Lizza’s argument fails because there are two President’s in recent memory who worked with opposition Congress’s and got part of their agenda passed. Reagan worked with a full Democrat Congress for six years and a Democrat House for eight. He negotiated with Congress. He won tax cuts and military spending increases, he gave up cuts to social programs in exchange. Clinton worked with a Republican majority for six years, he won a welfare reform battle where he co-opted the issue winning the reform plan he wanted. In both cases the President worked with and negotiated with Congress. They didn’t get everything they wanted but they got something done.

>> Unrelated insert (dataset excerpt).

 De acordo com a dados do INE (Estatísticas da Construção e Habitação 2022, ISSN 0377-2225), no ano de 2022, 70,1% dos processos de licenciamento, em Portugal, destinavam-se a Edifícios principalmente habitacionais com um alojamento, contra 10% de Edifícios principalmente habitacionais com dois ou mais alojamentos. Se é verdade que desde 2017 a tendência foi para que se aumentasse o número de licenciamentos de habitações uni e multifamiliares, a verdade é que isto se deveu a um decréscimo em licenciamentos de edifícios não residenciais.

Obama was elected in 2008 claiming to be post-partisan. In his first week in office he declared that he had won and refused to listen to Republicans concerning the Stimulus bill. He set the tone for his Presidency, he likely had no clue the GOP would win the House in 2010. It’s very en vogue to blame gridlock in Washington on extreme partisanship.The reality is that Democrats and Republicans have been at each others throats in DC for 150 years. There was plenty of partisan rancor when Reagan and Clinton were in the White House. Recall Clinton was impeached while Reagan was subjected to Iran-Contra hearings.
Yet Reagan and Clinton were able to work with an opposition Congress and Obama has not been able to. The media won’t ever put the blame on Obama, they wonder why he can’t just lock them in a room and force Congress to negotiate. However blame certainly can be laid at the steps of the White House. This is a President who spent two years shutting the GOP out, now he wants something from them. That isn’t how it works in politics. You never shut out the opposition, you never get so arrogant as to think you or your party will never lose. A good President understand that he never knows what the future will bring and it’s best to keep as many political doors open as possible.

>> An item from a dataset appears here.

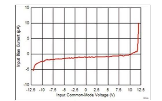 圖:OPA2810 的輸入共模電壓與偏壓電流變化圖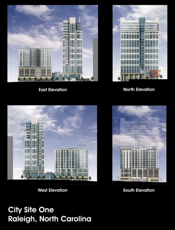 I am really not sure which I like better because I like both renderings, however the new one is growing on me. The white and blue colors will match well with the currently under construction RBC Plaza. Its modern design will flush well with Progress Energy’s second tower across the street. When looking at the older design, I feel that it resembles the architecture used in the buildings on NC State’s Centennial Campus, maybe taken up a few levels. I’m not bashing my alma mater’s campus but prefer the more glassy, water-like towers when put up against the stronger brick-red pair of mid-rises. Plus with the mini spires on the tops, especially the blades on the shorter building, there may be a potential for some very cool lighting at night.

Obama expects everyone to cater to him because he’s the President. From day one he’s had a very elementary school view of the Presidency. He won’t work with Republicans because Republicans won’t give in to his every demand. When he gets Republicans to agree to something, he suddenly wants more like he did during the 2011 debt ceiling negotiation that gave us sequestration. Obama wants it all, he is unwilling to seriously negotiate. That’s on him, it isn’t on a suddenly united GOP front. When and if the Democrats fail to retake the House next year, the majority of Obama’s Presidency will have been spent on minor squabbles with the House. That will this President’s legacy. If that comes true, it will be on the President alone. The buck stops at the Oval Office.
What will Obama’s legacy be? Failure of leadership. In a word, debt, debt and more debt! In 2013, our national debt will blow past the 17 trillion dollar mark and start heading toward 18 trillion dollars. Government spending on itself has far exceeded the ability of the citizens to pay for its profligate expenditures. America is in big trouble. Its economy is headed for disaster. The deficit is accelerating not decelerating. This was the change Americans twice voted for.
At best Obama will leave a mixed legacy. He’ll always be the first balck president. But his legislative successes have been limited. For a generation he will be untouchable for historians in liberal academia. But eventually they will have to look at his record. If things continue as they are now his record won’t be great.
I wouldn’t disagree with your assessment of Obama and his legacy. He seems to think the only way for him to “lead” is to get everything he wants and for everyone to recognize that he “won the election”.